To help address this problem, a curriculum is being developed that focuses on learning computer security from the user’s point-of-view. The project contains materials for high school educators designed to be easy to understand and easy to use while subduing any fear educators may have about teaching the technology concepts in the classroom. The curriculum focuses on topics a user would face on a day-to-day basis, working to strengthen the weakest link in computer security, the user, by providing a concrete and applicable education regarding information technology. Students will relate the information they learn to real world situations through class-based discussions, case studies, and classroom assignments.
In addition to the classroom materials, we are in the midst of creating a website that will provide a lab environment designed to let students and teachers experience certain aspects of security for themselves.
The materials can be applied in and/or modified for all types of classrooms. The modules can be threaded throughout a pre-existing curriculum or presented as a formal semester long security literacy course. Lessons come with differentiation and alternative instruction suggestions. All curriculum materials are available to instructors free of charge by a creative commons license.

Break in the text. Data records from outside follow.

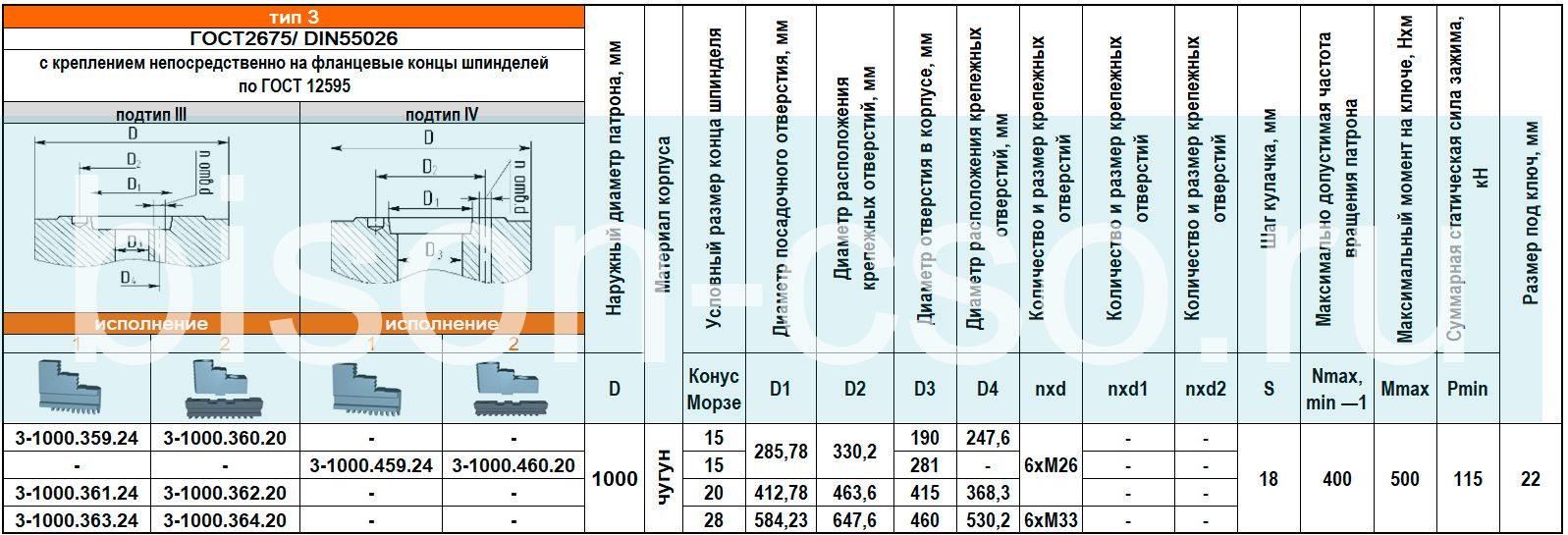 Тип крепления патрона к станку: Тип 3 подтип IV - крепление непосредственно на фланцевые концы шпинделей по ГОСТ 12595
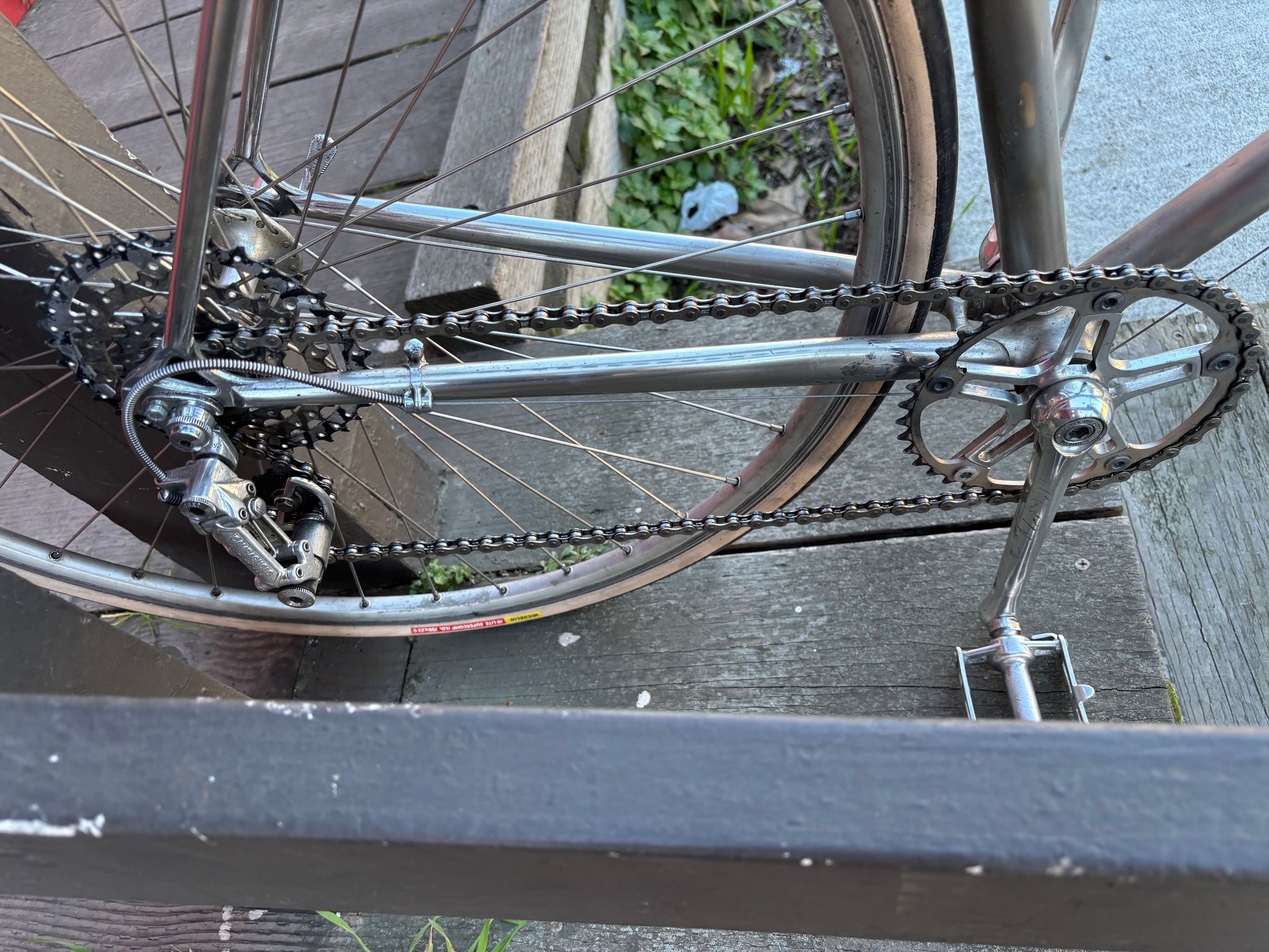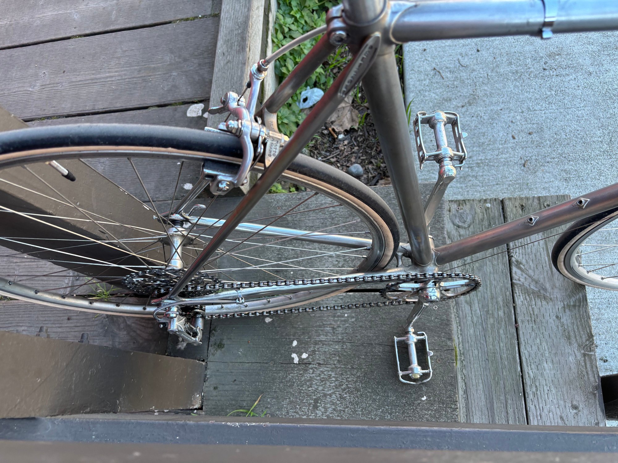 locked outside of the co-op last week. So kinda “spotted in the wild” too. This is a very inspiring build. I’ve been wanting to do a chrome/“brushed” road bike for a little while. It’s not flashy but it is elegant. literally everything is tasteful. the drive train is what was the most impressive. A topline crankset with a single chainring, a VERY wide range 6 speed cassette, and a Nuovo record rear derailleur. https://cimg7.ibsrv.net/gimg/bikefor...c75451f70.jpeg https://cimg8.ibsrv.net/gimg/bikefor...6f98b03e1.jpeg https://cimg9.ibsrv.net/gimg/bikefor...f5c7b1f88.jpeg https://cimg0.ibsrv.net/gimg/bikefor...d8b22c864.jpeg |
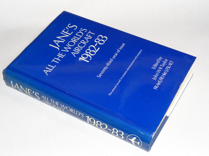 | 15726 | Taylor, John WR, Editor | Jane's All The World's Aircraft 1982-83 | Jane's | Fine. In a good dust wrapper. | 8 x 13 inches with many ads, data and pictures of the world's airplanes, and an index. Includes a book mark from Flight Refuelling Limited. | Aviation | $30 |
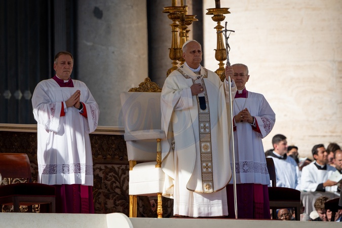 Pope Leo XIV presides over Mass with participants in the Jubilee of the World of Education on the Solemnity of All Saints, in St. Peter's Square in Vatican City, Vatican, on 01 November 2025.
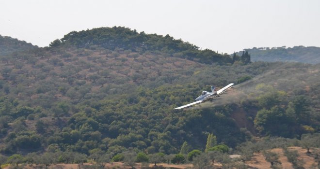Güney Marmara (Bandırma, Erdek, Marmara ilçeleri) zeytinliklerinde ise 15-17 Ağustos 2018 tarihlerinde birinci aplikasyon ilaçlama çalışmaları da tamamlandı. Bu çalışmalarda 67 bin 500 dekar alanda 6 bin 750 lt mahlül kullanıldı. Söz konusu birinci aplikasyon çalışmalarında 5 bin 400 lt ziray (cezbedici) ve bin 350 lt Alphacypermethrin ULV zirai ilaç kullanıldığı ve bu bağlamda ilaçlama uçağı 15 sorti gerçekleştirdi.
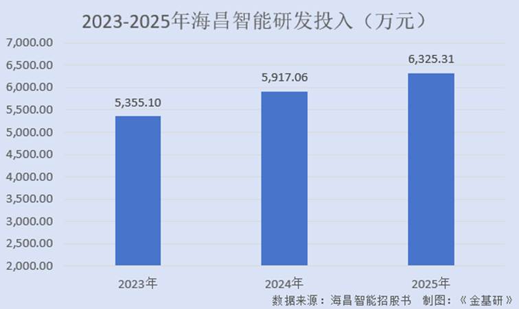 研发投入方面,根据招股书数据,2023-2025年,海昌智能的研发投入分别为5,355.10万元、5,917.06万元、6,325.31万元,呈逐年增长趋势。
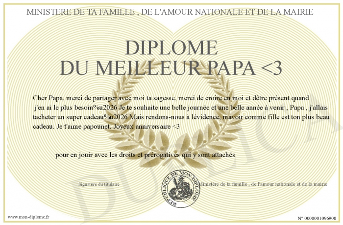 Envoyez par email votre Diplôme du meilleur papa -3 personalisé

More information can be found here.
Elementary & Middle School Level
The first set of materials are called Cyber Toons and are short (1-3 minutes) videos designed to be played in a class to simulate discussion around a topic. While the Cyber Toons can be included into any class, they are more targeted at the middle school age. With each of the Cyber Toons we provide an instructors guide, discussion questions, and short assessments. During the 2015-16 school year over a dozen schools (grades 4-8) piloted the Cyber Toons.
The ultimate goal of this project is to have every Iowan educated on computer security. We have started reaching out to several entities in a “train the trainers” model – training trusted community members to help people learn about computer security. These entities include lunch and learn programs provided for members by the Iowa Banker’s Association, Iowa ISP’s providing tips on local cable, different public safety officials putting on community programs, various clubs teaching community members as a community service project, and the ISU Extension has offered free mini-classes for communities.